# Why I left Goldman Sachs...



## rusty23 (Jan 25, 2012)

why i left goldman sachs http://www.nytimes.com/2012/03/14/opinion/why-i-am-leaving-goldman-sachs.html?_r=1

Wow finally seeing an advisor whose had enough. Haven been in sales (futureshop) when i was in school i always i hated been to be told which products to sell vs selling what is the right one for the consumer. One of also the reason i'm scared of trying for a FA job possibly in the future (can't make too much selling index funds all day lol).

I've always lived by this line " If clients don’t trust you they will eventually stop doing business with you. It doesn’t matter how smart you are."


----------



## brad (May 22, 2009)

I think he was pretty brave to trot all this out in the open, especially given that Goldman will likely sue him for it.

But I have to wonder how much of what he observed is specific to the financial services industry, as opposed to publicly traded companies in general. The company I worked for went public a few years back, and it's definitely not the same place anymore, the values and priorities have changed.


----------



## ddkay (Nov 20, 2010)

Some perspective, the average salary at GS is ~$400k/year. In 12 years, this guy probably made millions doing exactly what he tells NYT readers he's against. He'll probably never need to work again. A little hard to believe the words are genuine...

Love people's reactions though lol "Goldman Sachs used to be cool, but now it's all about the MONEY, man." -Hipster bank exec


----------



## brad (May 22, 2009)

I believe the words are geniune. A lot of us endure things for years that make us uncomfortable but we stick it out because we're making good money or the job market is uncertain, whatever. Eventually things may reach a point at which the balance tips and you decide you can't take it any more.


----------



## ddkay (Nov 20, 2010)

Midlife crisis.. he chose the wrong profession... all plausible. well, I guess, on the bright side, he never needs to work again


----------



## rusty23 (Jan 25, 2012)

brad said:


> I think he was pretty brave to trot all this out in the open, especially given that Goldman will likely sue him for it.
> 
> But I have to wonder how much of what he observed is specific to the financial services industry, as opposed to publicly traded companies in general. The company I worked for went public a few years back, and it's definitely not the same place anymore, the values and priorities have changed.

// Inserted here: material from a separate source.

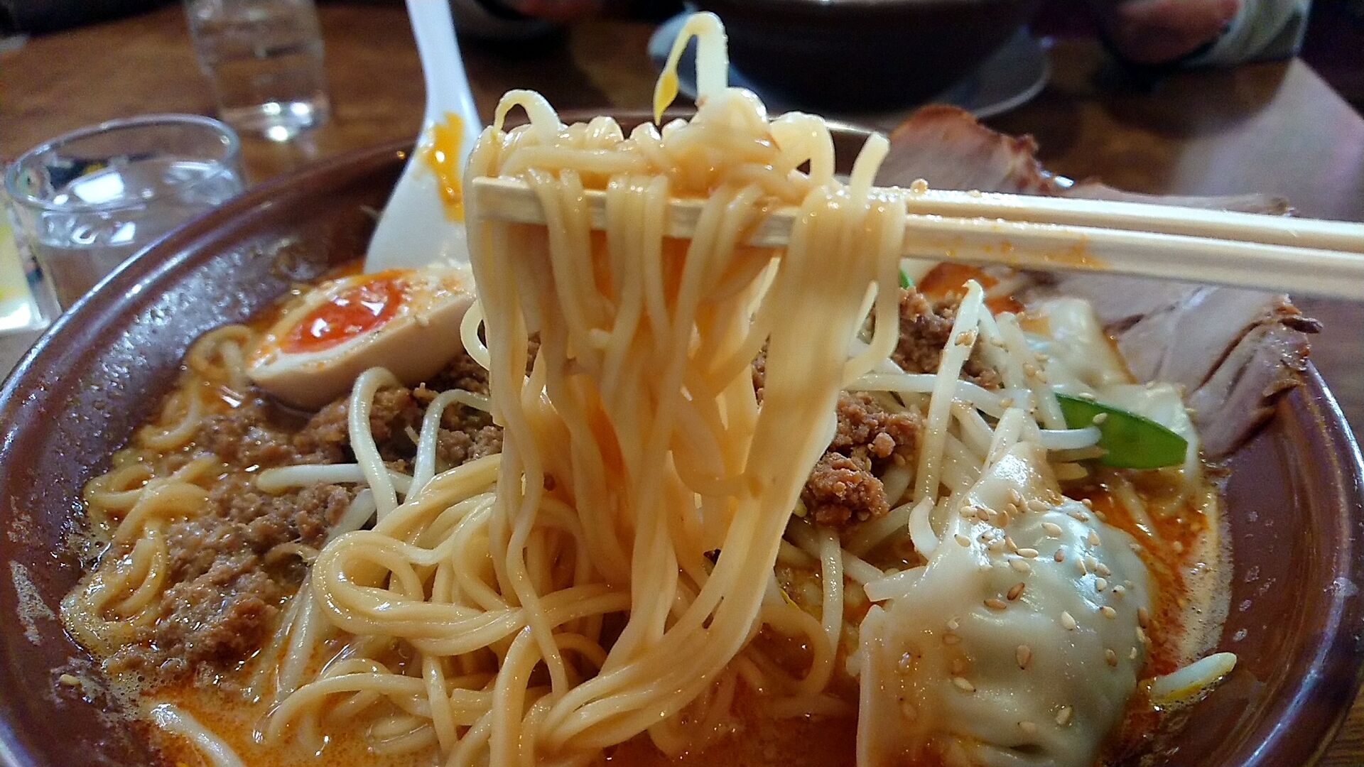 んおお!!結構濃厚なゴマのクリーミーでコクのあるスープ、ピリ辛で食欲も増します。

same here i notice that we need to go after "big whales" i promptly replied i don't think clients would like to hear that


----------



## Spidey (May 11, 2009)

What I find most surprising is that so many are shocked that this is the way investment firms usually operate. When the compensation scheme is extremely vulnerable to conflict of interest, it should not be surprising that conflict of interest often occurs. However, I would be reluctant to make too much of a hero out of this fellow. He probably didn't work there that long as a manager or earn that kind of salary without participating in some of the practices he now exposes.


----------



## brad (May 22, 2009)

Spidey said:


> He probably didn't work there that long as a manager or earn that kind of salary without participating in some of the practices he now exposes.


Certainly he did, but some people take on the role of good soldier, sticking it out and doing the job for whatever reasons (money, loyalty, job security) until they can't take it anymore. Think of Al Gore under Bill Clinton. It must have been excruciating for him, and he did drop hints afterward that he spend a good part of those 8 years biting his tongue and keeping his head down while his boss made decisions he didn't agree with or failed to pursue the issues that Gore felt were priorities. 

I don't care what the Goldman guy did there, the fact that he exposed it is a good thing, and he will doubtless be a few hundred million poorer after the lawsuit (it'll be very easy for Goldman to demonstrate how much business they lost, in easily quantifiable terms, due to his public trotting-out of their dirty laundry). He must have decided it was worth the risk.


----------



## ddkay (Nov 20, 2010)

This morning Reuters found another person that left GS after being shamed to work there, he has a job he actually loves now 

http://uk.reuters.com/video/2012/03...dom-revoluti?videoId=231744346&videoChannel=1


----------



## bayview (Nov 6, 2011)

Financial Post's Terence Corcoran thinks the Goldman Banker's rant doesnt add up.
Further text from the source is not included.